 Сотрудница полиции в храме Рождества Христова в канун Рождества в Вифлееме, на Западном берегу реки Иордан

********

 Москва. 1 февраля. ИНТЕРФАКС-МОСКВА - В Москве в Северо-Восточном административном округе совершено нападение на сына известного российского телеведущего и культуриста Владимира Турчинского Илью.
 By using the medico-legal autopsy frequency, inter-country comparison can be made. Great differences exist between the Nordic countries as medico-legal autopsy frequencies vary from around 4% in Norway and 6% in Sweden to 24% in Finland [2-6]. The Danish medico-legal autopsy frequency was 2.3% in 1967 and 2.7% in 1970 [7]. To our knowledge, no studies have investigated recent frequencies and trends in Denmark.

********

For this exercise, repeat exactly the lines of the data above from the one with "Москва. 1 февраля." down to the one with "By using the", both end lines included.

 Москва. 1 февраля. ИНТЕРФАКС-МОСКВА - В Москве в Северо-Восточном административном округе совершено нападение на сына известного российского телеведущего и культуриста Владимира Турчинского Илью.
 By using the medico-legal autopsy frequency, inter-country comparison can be made. Great differences exist between the Nordic countries as medico-legal autopsy frequencies vary from around 4% in Norway and 6% in Sweden to 24% in Finland [2-6]. The Danish medico-legal autopsy frequency was 2.3% in 1967 and 2.7% in 1970 [7]. To our knowledge, no studies have investigated recent frequencies and trends in Denmark.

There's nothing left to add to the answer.